From the first line to the last, retype everything below exactly, minus the pictures.

• [Material provided]
--------------------

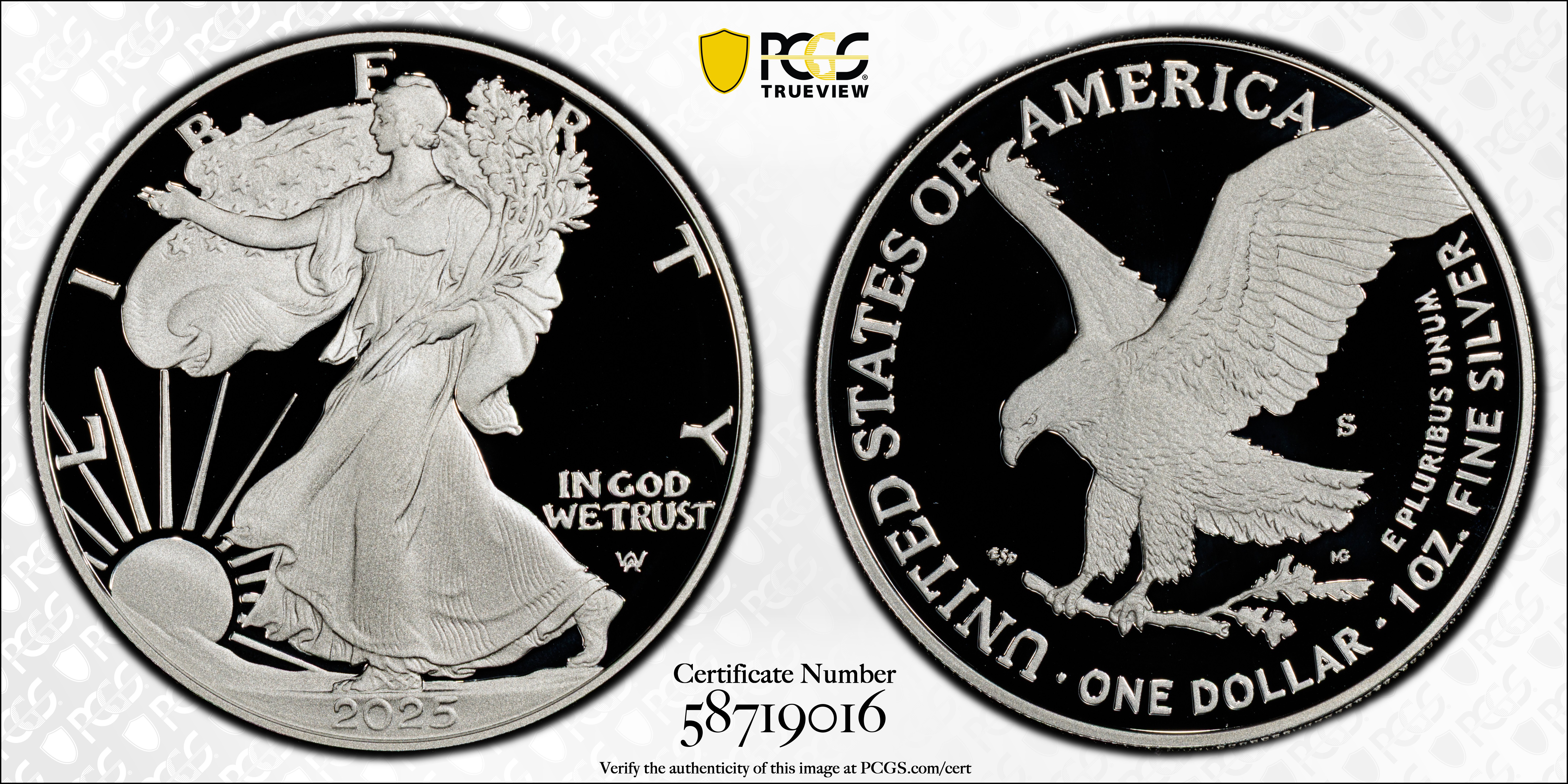 2025-S $1 Silver Eagle First Strike, DCAM PR70DCAM Certification #58719016, PCGS #999266
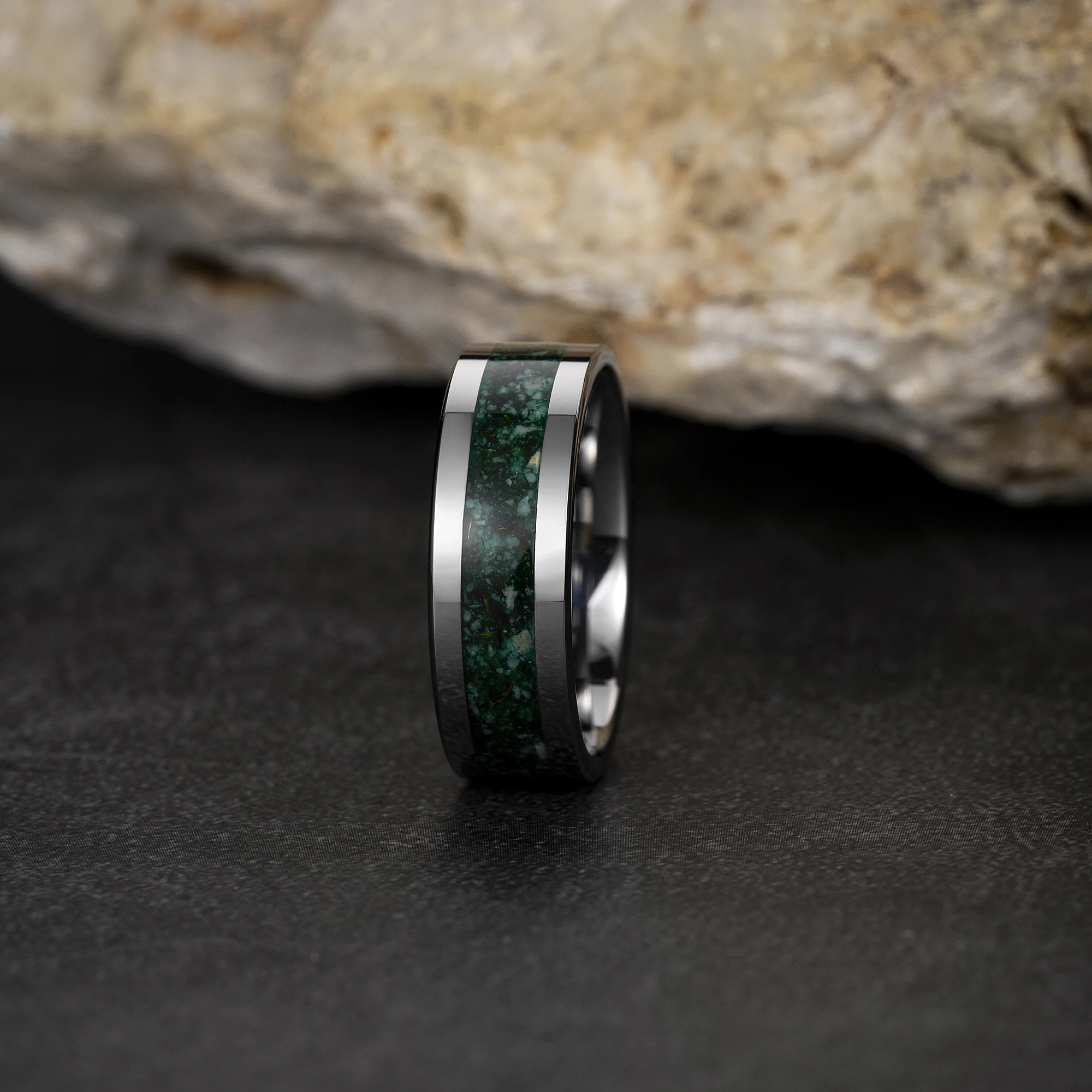 Item Model | Factory directly sell Custom High Polish 8mm silver plated Tungsten ring With Opal Inlay Carbide Steel Wedding Band Ring Mens |
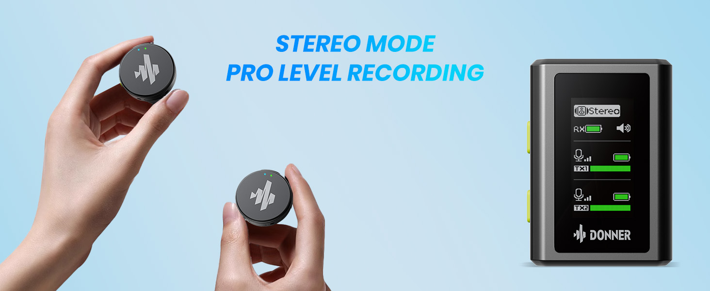 - [ Mono and Stereo Switch Smoothly ] The receiver of the VPM-20 camera version supports mono and stereo two recording modes. You can switch between them by pressing the Mode Switching & Pairing button on the receiver. ( Note: The receiver supports switching between two modes only when connected to the camera through the 3.5mm audio jack). Two transmitters with dual channels, make your post-production easier.

--------------------

• [Reply]
 2025-S $1 Silver Eagle First Strike, DCAM PR70DCAM Certification #58719016, PCGS #999266
 Item Model | Factory directly sell Custom High Polish 8mm silver plated Tungsten ring With Opal Inlay Carbide Steel Wedding Band Ring Mens |
 - [ Mono and Stereo Switch Smoothly ] The receiver of the VPM-20 camera version supports mono and stereo two recording modes. You can switch between them by pressing the Mode Switching & Pairing button on the receiver. ( Note: The receiver supports switching between two modes only when connected to the camera through the 3.5mm audio jack). Two transmitters with dual channels, make your post-production easier.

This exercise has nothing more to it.